- For about ten years, I’ve been warning people, “hang onto your media. One day, you won’t buy a movie. You’ll buy the right to watch a movie, and that movie will be served to you. If the companies serving the movie don’t want you to see it, or they want to change something, they will have the power to do so. They can alter history, and they can make you keep paying for things that you formerly could have bought. Information will be a utility rather than a possession. Even information that you yourself have created will require unending, recurring payments just to access.”

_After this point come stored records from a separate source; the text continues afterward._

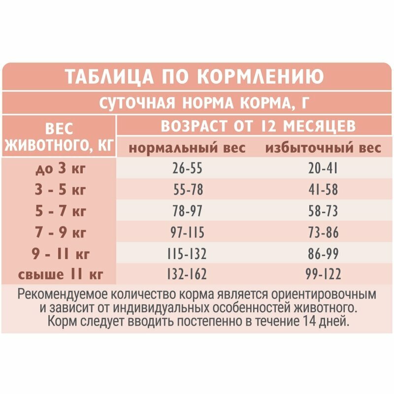 | Возраст животного | взрослые (1-6 лет) |
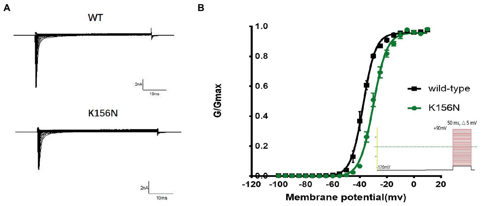 (A) Representative current recordings. (B) Voltage dependence of channels activation for wild-type (n = 15) and K156N variant (n = 15) using the voltage protocol shown as an inset.
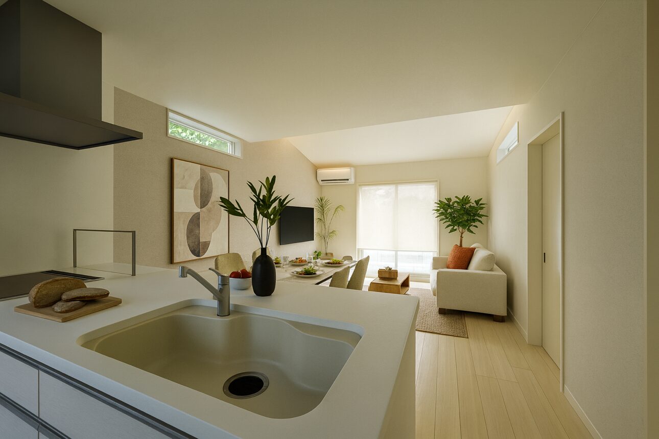 キッチンからダイニング・リビングまで視線が抜け、家族の気配がいつも近くに感じられます。
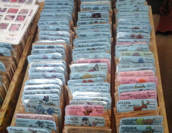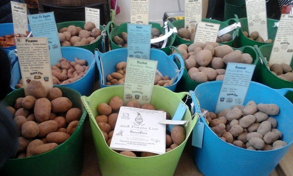 Finally the Sunday just gone we ventured to the great place that is Roots and Shoots (in association with Pennard Plants) in Kennington for their potato and seed shop day. Getting there just before the allotted time of 11am we treated ourselves to some bamberger long seed onions and “Rocket” seed potatoes which when chitted (the art of producing nice green buds, more on how to do that here) we’ll do that trick of cutting them in half so we’ll have twice as many plants. Also after taking ages going through the racks of seeds we purchased some great heritage and heirloom seed varieties (more on what heirloom seeds are here.)
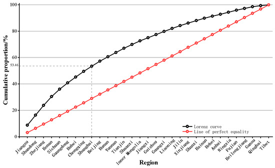 To quantify the degree of uneven distribution, the imbalance index (Formula (3)) was applied. The resulting imbalance index for the NSCCs was S = 0.3525 with 0 < S < 1, indicating an uneven distribution across the administrative regions. This demonstrates that the distribution of NSCCs across the administration regions is not uniform. The Lorenz curve, used to chart the variation in the number of NSCCs by the administration regions in Figure 5, shows an upward convex trend. Notably, the combined total of NSCCs in Jiangsu, Shandong, Zhejiang, Henan, Sichuan, Guangdong, Hubei, Chongqing, and Shanghai accounts for 53.46% of the national figure, further highlighting the uneven distribution of NSCCs.
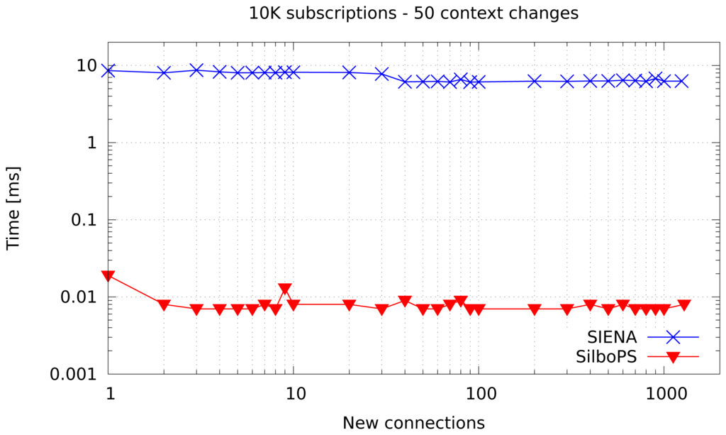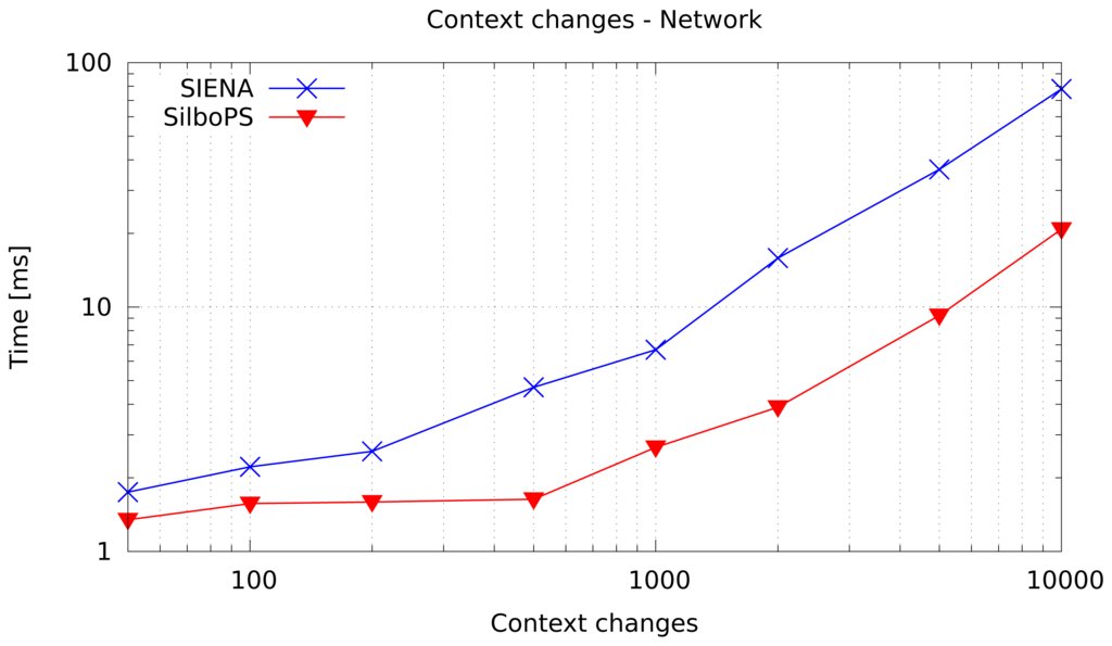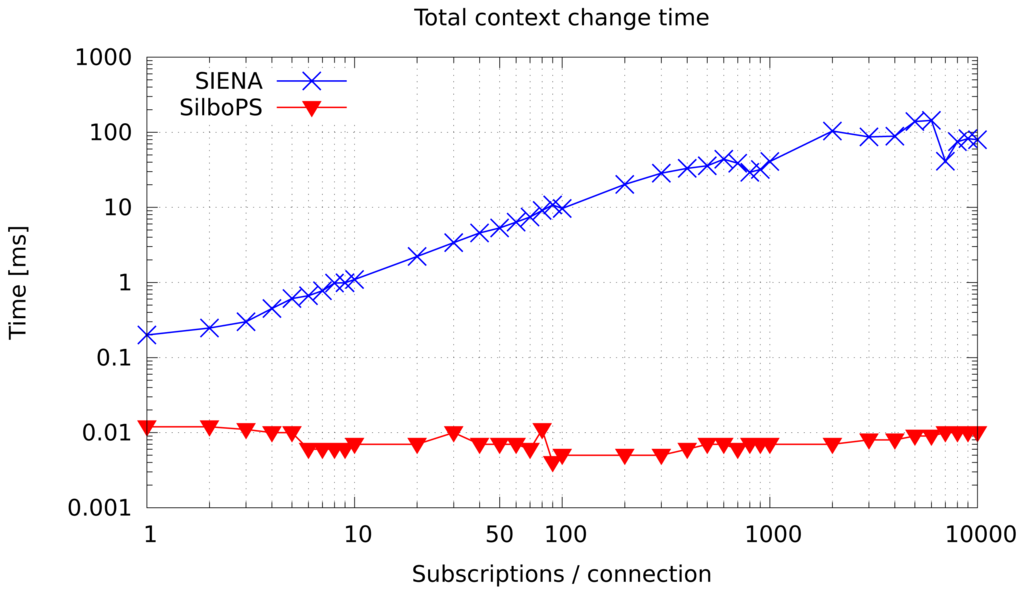 The first experiment is meant to compare the context change cost for the two systems. It performs 50 changes per subscriber on a single broker previously loaded with 10,000 subscriptions (equivalent to 1250 connections). As shown in Figure 7, the operation has a fixed cost in both systems. However, SilboPS outperforms SIENA by three orders of magnitude. The reason is that SIENA has to modify its index entries (removing and adding the filters), instead of updating only the subscriber's context, whereas SilboPS only updates context values.

The other valuable lesson to learn here is BACK UP YOUR SHIT PEOPLE. But man, I hate Apple for a ton of reasons, many even legitimate. This is insane that they would pull your music collection, upload it to their servers then demand you use WiFi to listen to stuff you had on a local drive.
The third lesson here is that forcing people to upload and stream shows just how cheap storage and transmission of data has become. You'd think, if you have been around a while, that storing stuff used to be crazy expensive. This hits me finally. I have a desktop with 10TB (terabytes) of storage for my astronomy data, yet this story is what makes me realize exactly how cheap stuff has become.
So my first caveat on this is that anybody who has had "painstakingly imported from thousands of CDs" "(since before iTunes existed)" has to have seen the festering dumpster fire that has long been Apple cloud services. My next caveat is that anybody with an iPhone has seen that Apple isn't at all transparent with your data - the snaps you take on your phone aren't image files, they're pieces of a giant f'n database that has to be parsed in and out and if you want the .jpgs you'd best also strap yourself to something less shitty like Google or Flickr. My third caveat is that the whole "fuck you, you own a U2 album" trick from last year should make it pretty clear to everybody that Apple has not and never will considered "your music" to be "your music." Finally, anybody who stores their music as .wav files is never going to be happy with itunes anything because AAC is more than good enough for the earbuds the author is listening over so methinks this is a whole bunch of righteous indignation over a service that has been demonstrably consumer-level since years before it was announced. But yeah. I'm shocked and appalled that they'd actually scrub your hard drive. I guess that's why they bid so much for Dropbox - they really don't get subversion sync. It's funny - Google has done this for years now, except they (A) don't wipe your drive (B) don't charge you for it. I've got like, a stupid amount of music in iTunes and when I went Android, I got the phat one because I thought I'd need a lot of memory for music. Nopers. I keep it all on Google and stream it as I need. T-mobile doesn't even charge me for the privilege. It's damn-near seamless. But then, Google gets data and versioning and Apple so doesn't.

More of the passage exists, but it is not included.